- **Problem statement**
With the pictures left out, please write out exactly each line from the one containing "Caisse à outils" through the end of the material.

- **Data supplied**
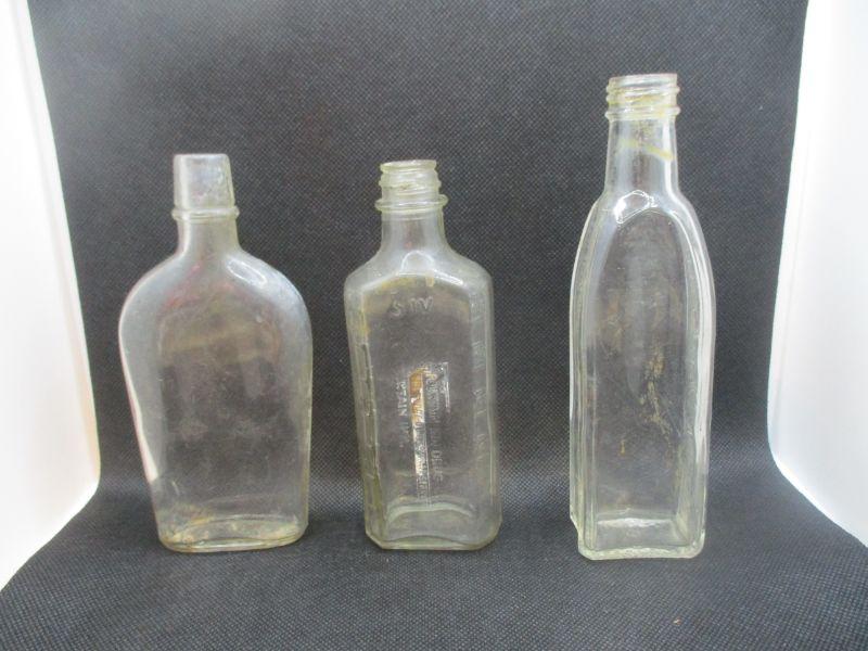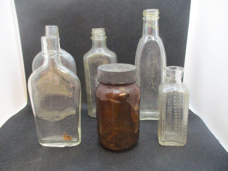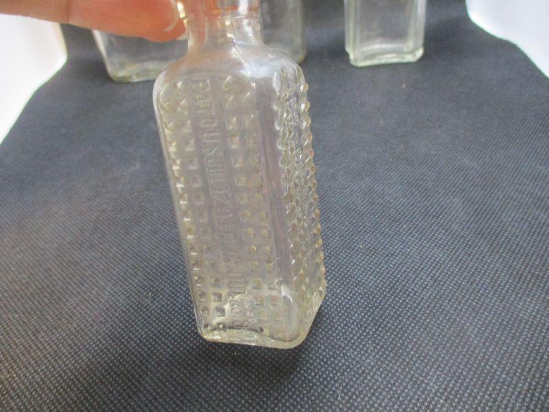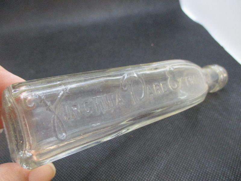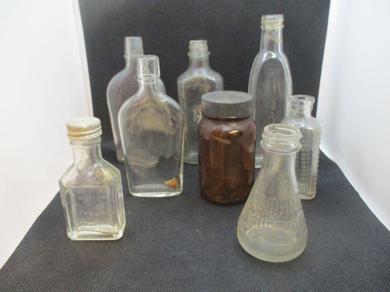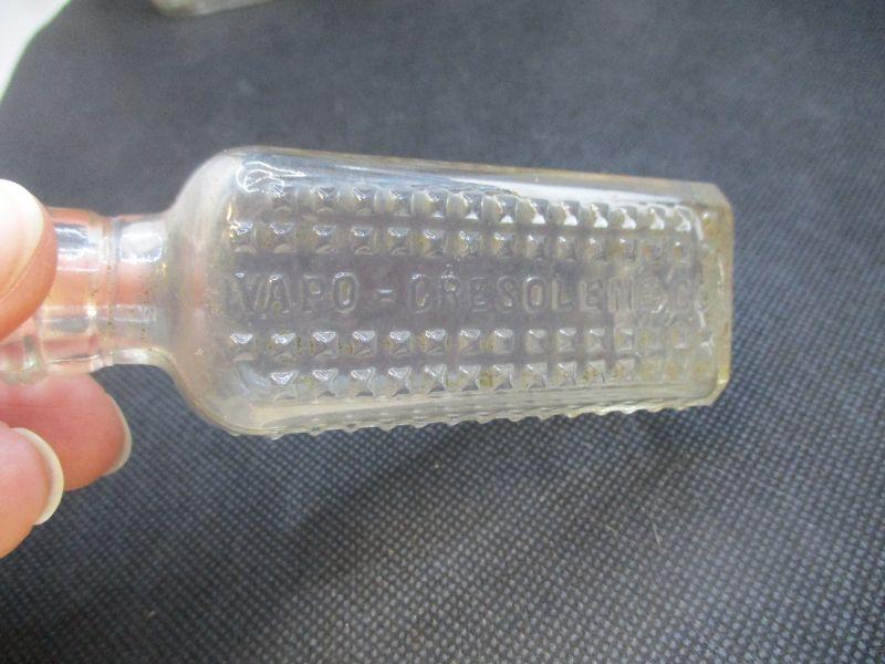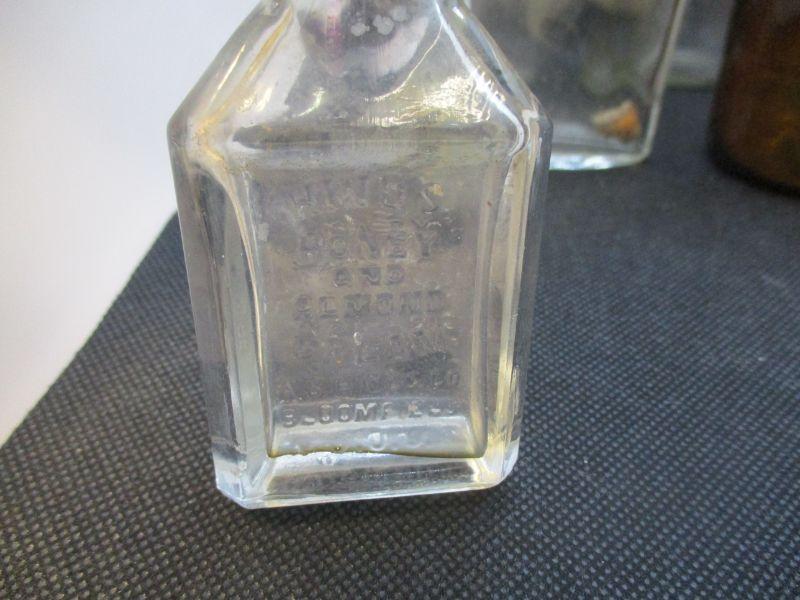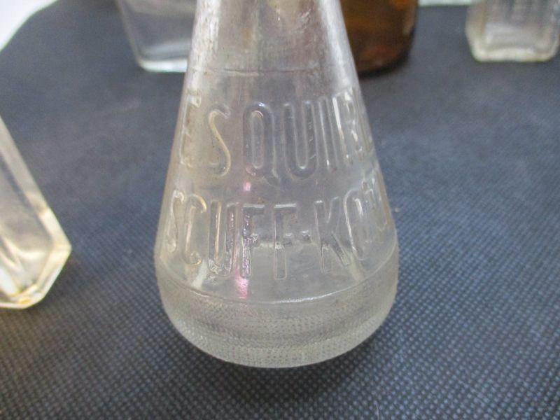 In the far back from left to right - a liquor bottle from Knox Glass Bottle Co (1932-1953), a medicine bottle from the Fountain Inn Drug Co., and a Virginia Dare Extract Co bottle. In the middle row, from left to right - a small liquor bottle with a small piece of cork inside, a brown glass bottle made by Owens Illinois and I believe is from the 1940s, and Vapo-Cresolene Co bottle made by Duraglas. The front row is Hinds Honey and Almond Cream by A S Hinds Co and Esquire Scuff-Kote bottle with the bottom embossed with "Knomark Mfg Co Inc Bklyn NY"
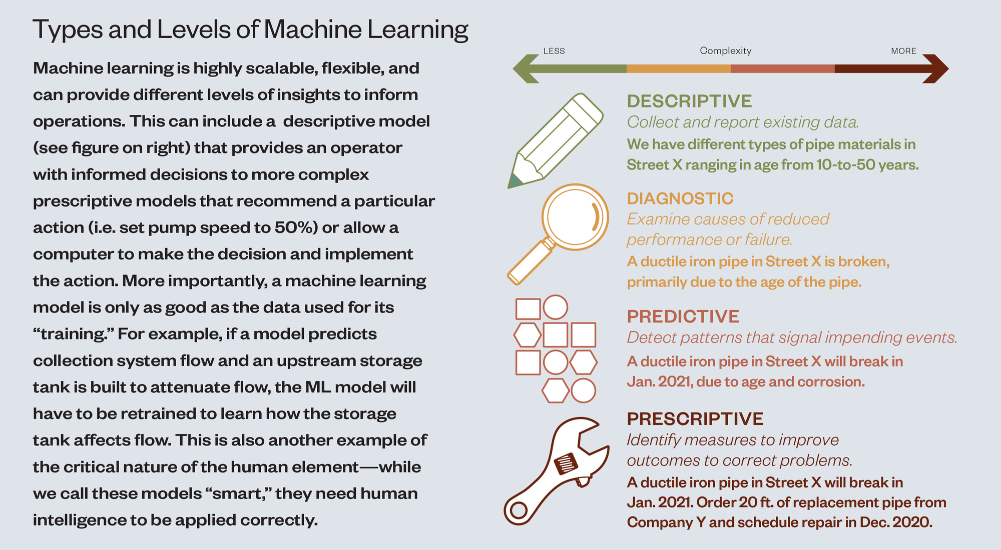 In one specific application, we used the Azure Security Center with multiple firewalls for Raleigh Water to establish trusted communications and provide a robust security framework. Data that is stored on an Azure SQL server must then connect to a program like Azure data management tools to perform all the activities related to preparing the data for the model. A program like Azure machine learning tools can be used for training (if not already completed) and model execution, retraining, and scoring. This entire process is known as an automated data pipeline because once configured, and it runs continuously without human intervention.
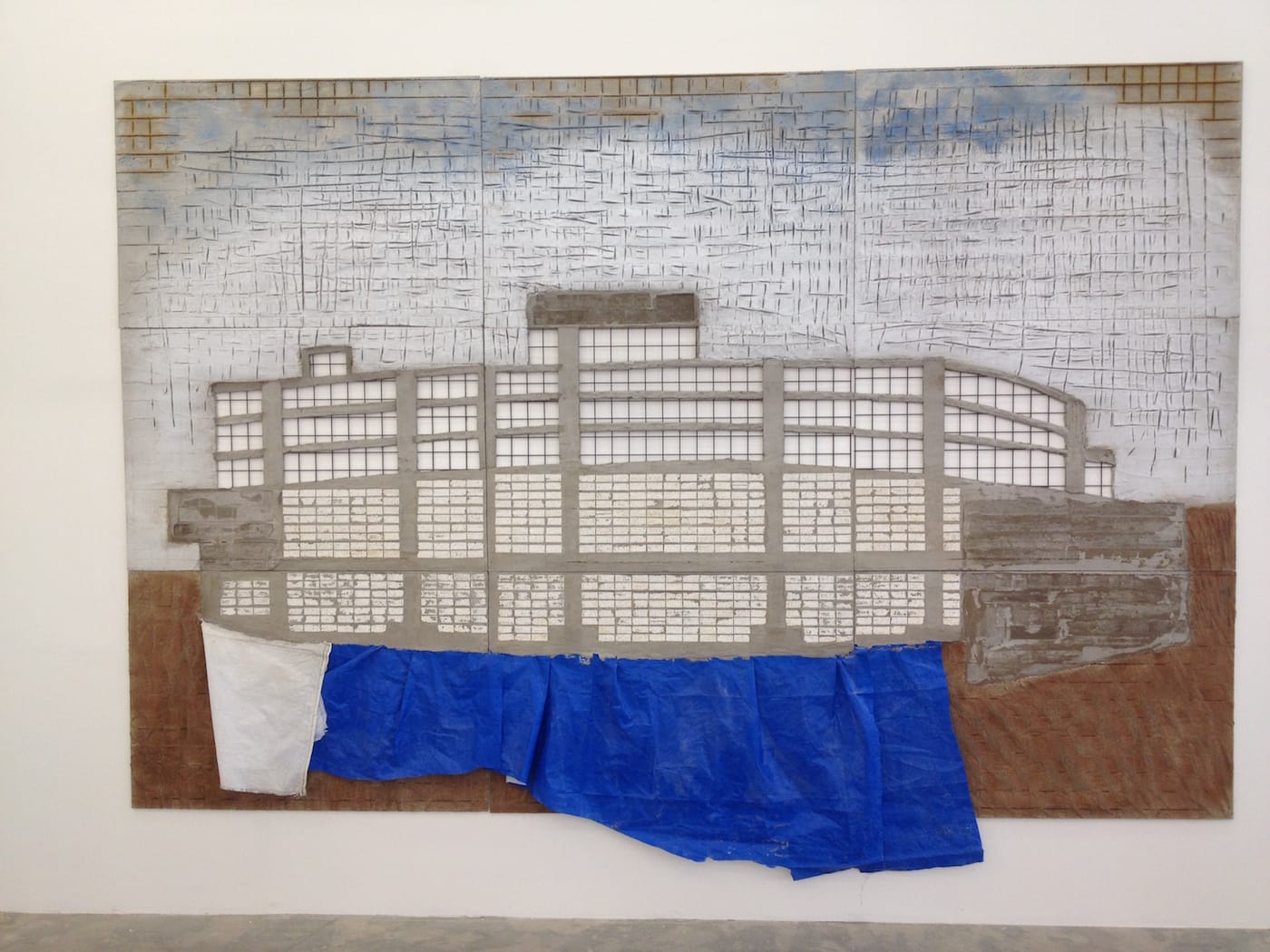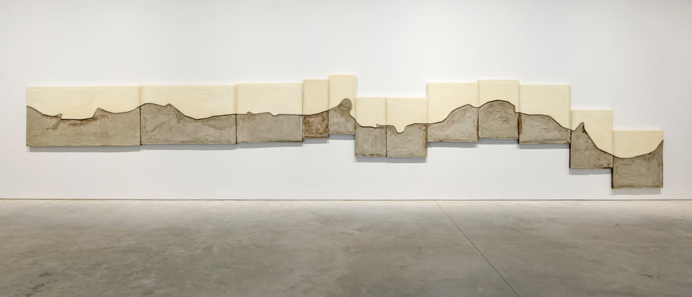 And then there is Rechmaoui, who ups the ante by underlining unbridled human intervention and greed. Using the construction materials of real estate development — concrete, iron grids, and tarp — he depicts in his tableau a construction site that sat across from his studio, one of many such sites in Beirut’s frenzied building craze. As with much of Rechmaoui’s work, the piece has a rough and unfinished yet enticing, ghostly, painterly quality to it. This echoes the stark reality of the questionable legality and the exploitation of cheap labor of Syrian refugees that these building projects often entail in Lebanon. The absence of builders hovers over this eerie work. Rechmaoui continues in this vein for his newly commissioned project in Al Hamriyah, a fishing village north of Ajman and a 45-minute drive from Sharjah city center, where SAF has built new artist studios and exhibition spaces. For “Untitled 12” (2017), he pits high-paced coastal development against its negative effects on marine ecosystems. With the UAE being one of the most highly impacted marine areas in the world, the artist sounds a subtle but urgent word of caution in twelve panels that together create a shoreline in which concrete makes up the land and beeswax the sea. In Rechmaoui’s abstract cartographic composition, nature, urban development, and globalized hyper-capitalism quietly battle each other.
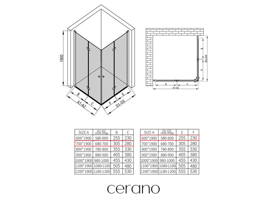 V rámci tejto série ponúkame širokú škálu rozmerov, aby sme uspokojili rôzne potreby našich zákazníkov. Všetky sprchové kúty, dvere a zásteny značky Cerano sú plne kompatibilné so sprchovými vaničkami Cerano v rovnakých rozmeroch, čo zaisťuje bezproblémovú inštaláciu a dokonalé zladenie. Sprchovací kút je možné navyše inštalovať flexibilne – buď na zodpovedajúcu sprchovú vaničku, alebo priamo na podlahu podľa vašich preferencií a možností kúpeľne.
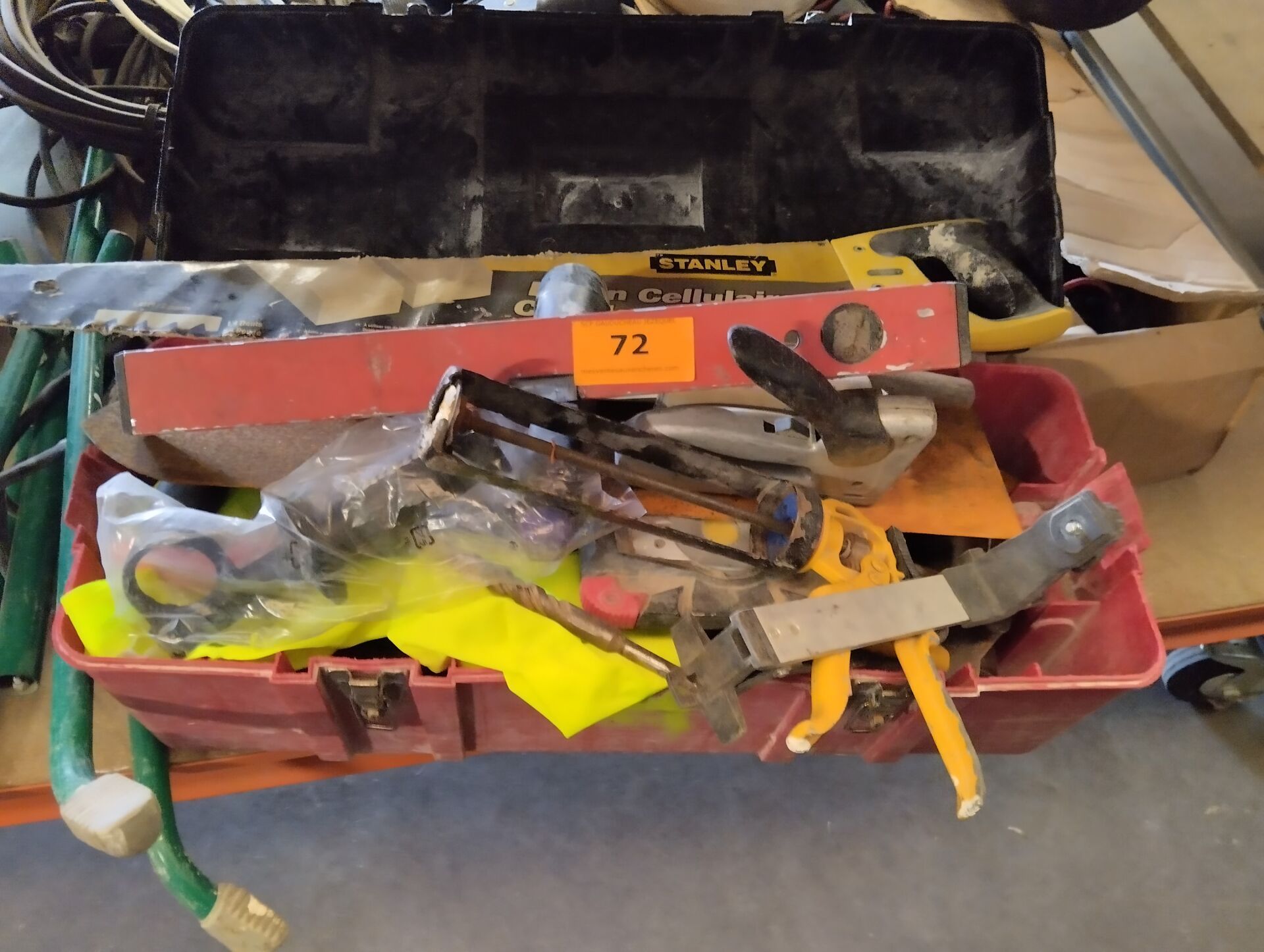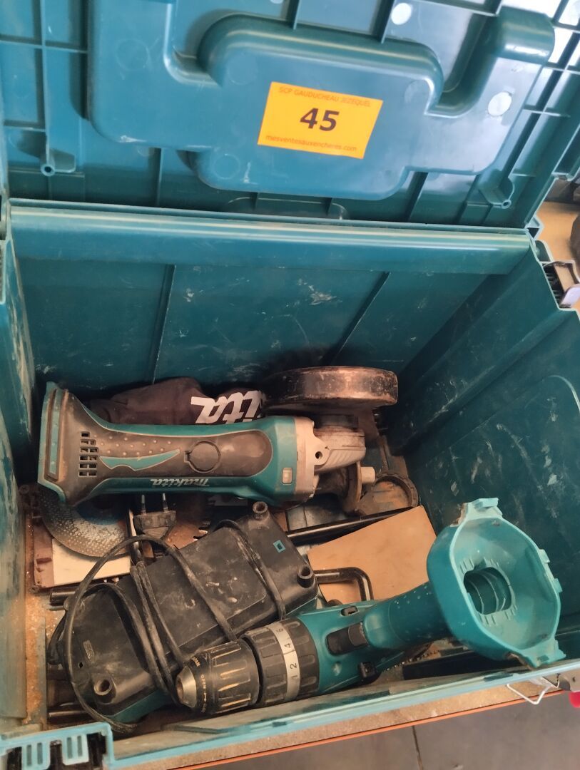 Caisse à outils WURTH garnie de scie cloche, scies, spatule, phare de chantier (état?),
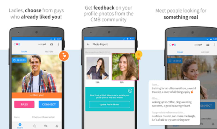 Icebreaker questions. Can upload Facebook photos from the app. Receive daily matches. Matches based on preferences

- **Response to the exercise**
 Caisse à outils WURTH garnie de scie cloche, scies, spatule, phare de chantier (état?),
 Icebreaker questions. Can upload Facebook photos from the app. Receive daily matches. Matches based on preferences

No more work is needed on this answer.